* EXERCISE GOAL: Using the string "this" as the key, pull each matching line out of the records below.

(Stored records)

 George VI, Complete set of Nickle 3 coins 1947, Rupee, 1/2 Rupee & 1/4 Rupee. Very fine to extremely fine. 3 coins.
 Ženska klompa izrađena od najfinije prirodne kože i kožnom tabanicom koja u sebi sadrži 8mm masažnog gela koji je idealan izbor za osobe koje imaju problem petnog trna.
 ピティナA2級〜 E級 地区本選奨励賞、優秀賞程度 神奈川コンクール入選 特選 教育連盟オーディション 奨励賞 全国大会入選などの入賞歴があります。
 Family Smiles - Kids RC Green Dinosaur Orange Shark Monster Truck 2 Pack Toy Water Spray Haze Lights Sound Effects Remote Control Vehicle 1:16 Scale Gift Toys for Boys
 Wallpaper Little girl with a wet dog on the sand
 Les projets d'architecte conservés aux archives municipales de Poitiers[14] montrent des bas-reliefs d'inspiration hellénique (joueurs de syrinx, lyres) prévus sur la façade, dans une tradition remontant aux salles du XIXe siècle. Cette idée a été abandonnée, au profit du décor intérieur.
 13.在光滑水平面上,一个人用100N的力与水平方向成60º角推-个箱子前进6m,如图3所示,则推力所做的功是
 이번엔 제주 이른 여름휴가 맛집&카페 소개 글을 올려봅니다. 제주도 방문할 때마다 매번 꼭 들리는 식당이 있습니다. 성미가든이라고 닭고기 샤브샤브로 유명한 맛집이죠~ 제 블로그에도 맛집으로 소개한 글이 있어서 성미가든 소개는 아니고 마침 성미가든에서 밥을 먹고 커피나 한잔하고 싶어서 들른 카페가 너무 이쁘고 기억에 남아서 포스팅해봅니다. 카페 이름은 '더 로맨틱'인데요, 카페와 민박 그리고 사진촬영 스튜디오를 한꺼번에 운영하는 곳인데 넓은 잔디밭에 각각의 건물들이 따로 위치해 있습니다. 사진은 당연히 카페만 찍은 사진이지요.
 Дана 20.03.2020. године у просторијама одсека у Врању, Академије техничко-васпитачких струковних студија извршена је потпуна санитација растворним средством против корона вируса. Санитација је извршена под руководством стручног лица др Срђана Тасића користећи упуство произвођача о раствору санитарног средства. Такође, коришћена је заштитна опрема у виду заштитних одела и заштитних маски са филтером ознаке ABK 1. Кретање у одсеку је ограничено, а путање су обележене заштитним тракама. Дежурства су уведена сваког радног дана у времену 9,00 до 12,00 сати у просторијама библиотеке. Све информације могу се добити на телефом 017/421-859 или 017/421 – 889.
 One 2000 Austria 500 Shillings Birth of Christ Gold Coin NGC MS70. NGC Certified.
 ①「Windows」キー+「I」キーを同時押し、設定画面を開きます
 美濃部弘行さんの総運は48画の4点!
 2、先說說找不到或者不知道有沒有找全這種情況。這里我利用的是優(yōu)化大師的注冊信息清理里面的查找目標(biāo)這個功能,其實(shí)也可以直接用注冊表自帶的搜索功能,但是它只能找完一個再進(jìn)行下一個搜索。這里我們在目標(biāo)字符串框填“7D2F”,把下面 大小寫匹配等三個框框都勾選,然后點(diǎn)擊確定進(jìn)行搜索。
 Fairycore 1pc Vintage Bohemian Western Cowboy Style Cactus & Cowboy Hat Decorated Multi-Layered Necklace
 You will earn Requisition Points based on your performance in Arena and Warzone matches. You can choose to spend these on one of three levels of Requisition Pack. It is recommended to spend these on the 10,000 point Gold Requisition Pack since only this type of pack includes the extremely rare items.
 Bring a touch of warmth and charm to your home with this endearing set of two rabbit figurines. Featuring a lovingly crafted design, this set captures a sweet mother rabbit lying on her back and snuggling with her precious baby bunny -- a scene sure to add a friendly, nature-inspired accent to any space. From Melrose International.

* ANSWER FOR THE TASK:
 You will earn Requisition Points based on your performance in Arena and Warzone matches. You can choose to spend these on one of three levels of Requisition Pack. It is recommended to spend these on the 10,000 point Gold Requisition Pack since only this type of pack includes the extremely rare items.
 Bring a touch of warmth and charm to your home with this endearing set of two rabbit figurines. Featuring a lovingly crafted design, this set captures a sweet mother rabbit lying on her back and snuggling with her precious baby bunny -- a scene sure to add a friendly, nature-inspired accent to any space. From Melrose International.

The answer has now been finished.